The authors used machine learning involving protein expression datasets from BRAF/MEK inhibitor-sensitive and inhibitor-resistant melanoma patient biopsy samples to correlate likely changes in gene expression between the two groups. They subsequently implicated HMOX1 and SPARC expression as probable modulated pathways that may, at least partially, define cellular mechanisms associated with adaptive BRAF/MEK inhibitor resistance. This latter proposition was perhaps better supported by descriptions of associated published findings than by definitive outcomes determined through their modeled clusters.

Overall, I found this to be a meaningful analysis that, if accurate, could positively guide research emphasis toward more effective protein or RNA interference targets or prompt the study of potentially reduced resistance combination therapies.

Portions of the manuscript are poorly edit and should be revised prior to publication. Key examples include:

·         [line 42] “results” should be deleted

·         [line 251] “slightly up upregulated” should be corrected

·         [line 259] presumably, “it” should read ‘out’

·         Line [341] ‘of’ is missing before “BRAF/MEK”

·         Lines 391-392 are nonsensical as written

·         Line 409 must be rephrased for clarity of message

·         Figure 7 is a key graphic, but it is distorted and blurred. Was this taken from another published source?
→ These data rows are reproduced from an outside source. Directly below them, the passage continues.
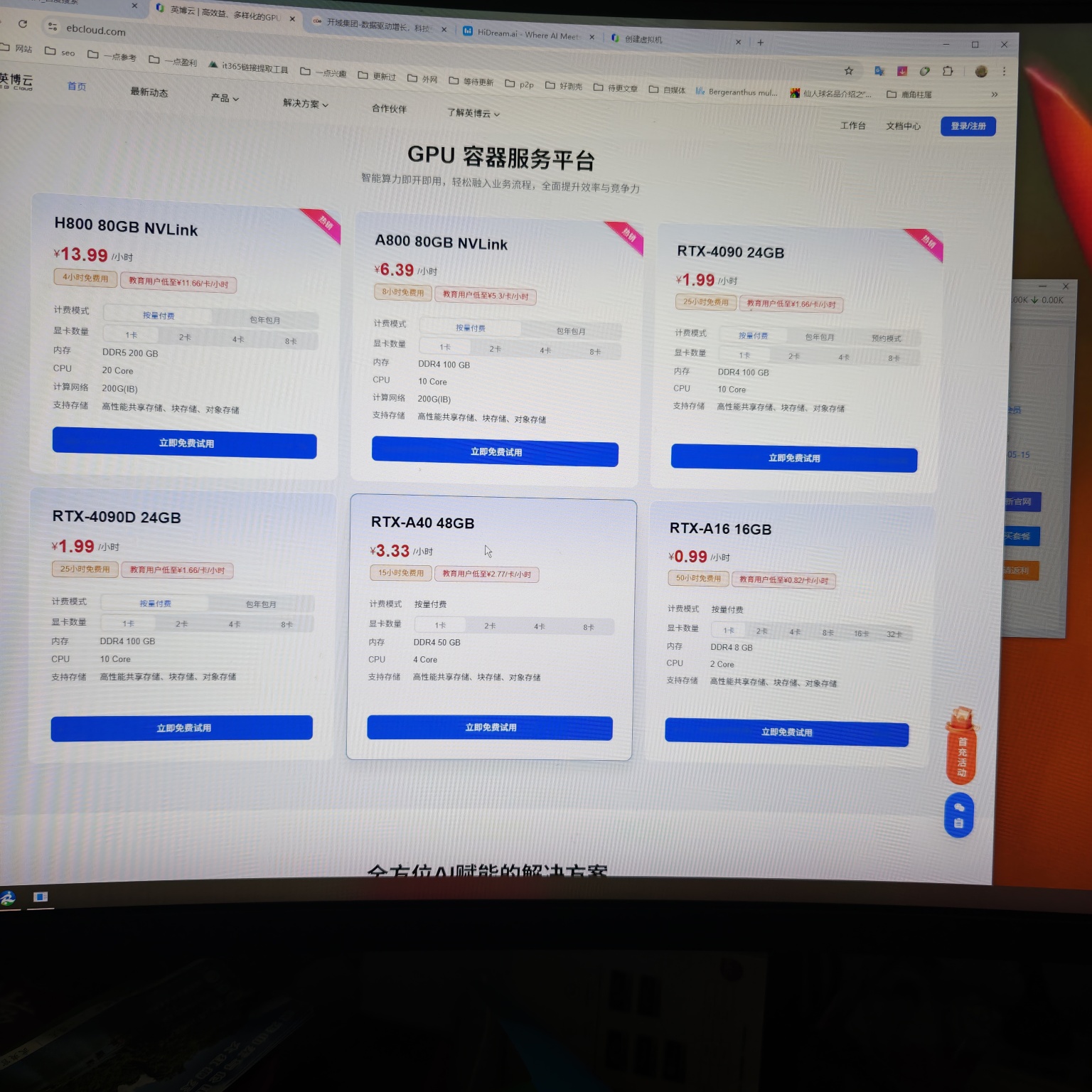 gpu增加了几个选项。都是英伟达的卡,都是英伟达的卡不代表没有华为的卡。因为阿里,火山,腾讯现在对外出租的卡也都是英伟达的,市场就是比较认可这卡。
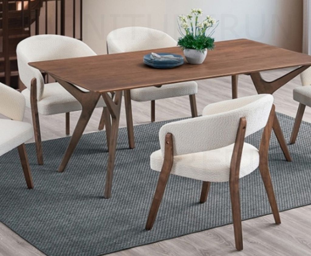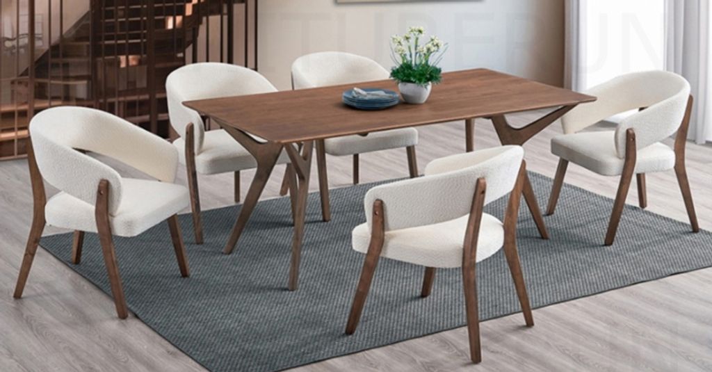 Table - H755 x D900 x W1800MM Chair - H810/475 x D600 x W580MM Beige 2#Walnut
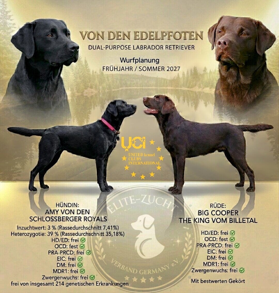 Wir erwarten aus dieser Verpaarung typvolle, gesunde Labrador-Welpen in schwarz und braun, die sowohl optisch als auch charakterlich überzeugen – freundlich, ausgeglichen, familienbezogen und gleichzeitig arbeitsfreudig.
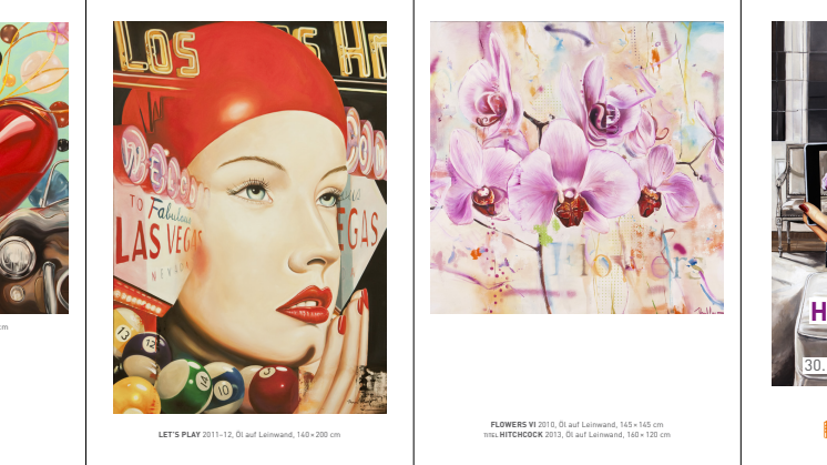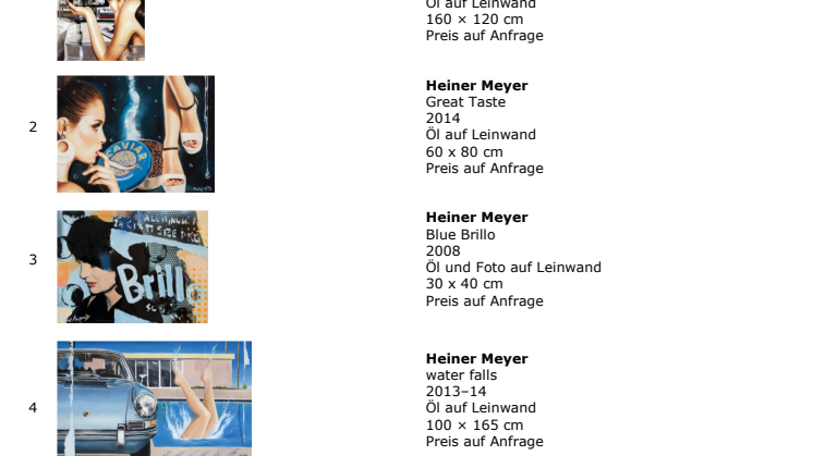 „But is it art?“, stellt die Hollywood-Starlet per Sprechblase in den Raum – „Yes darling“, bekommt sie zur Antwort, von Donald Duck per se; des Weiteren zeigt das Topmodel, was es zu bieten hat, der Porsche parkt nächst dem Swimmingpool und die Beauty nascht lasziv aus der Dose Kaviar. Die kessen wie kühlen Schönheiten in Öl auf Leinwand von Post-Pop-Art-Legende Heiner Meyer aus Bielefeld spielen mit den Sehnsüchten einer Konsum orientierten Gesellschaft, sie geizen dabei weder mit Reizen noch mit Klischees und hinterfragen diese indes ironisch hinterlistig – das Alles verpackt hinter strahlender Fassade von surrealer Anmutung!

Perhaps higher resolution artwork of appropriate dimensions should be used instead.

 

Author Response

Reviewer 3:

Portions of the manuscript are poorly edit and should be revised prior to publication.

Figure 7 is a key graphic, but it is distorted and blurred. Was this taken from another published source? Perhaps higher resolution artwork of appropriate dimensions should be used instead.

 

Our response: We thank the reviewer for the keen eye in noticing these mistakes. They have now been corrected.

 

  •  [line 42] “results” should be deleted removed: now line 37 (‘results’ removed)
  • [line 251] “slightly up upregulated” should be corrected: now line 219 (extra "up" has been deleted)
  • [line 259] presumably, “it” should read ‘out’: now line 216 (‘it’ replaced with ‘out’)
  • Line [341] ‘of’ is missing before “BRAF/MEK”: now line 344 (the article ‘of’ now added)
  • Lines 391-392 are nonsensical as written: now line 393 (edited for clarity)
  • Line 409 must be rephrased for clarity of message: now line 396 (edited for clarity)

 

Furthermore, Figure 7 is an original (unpublished) figure. We have updated that figure to improve its resolution and included a separate high-quality .png file for it as part of our submission.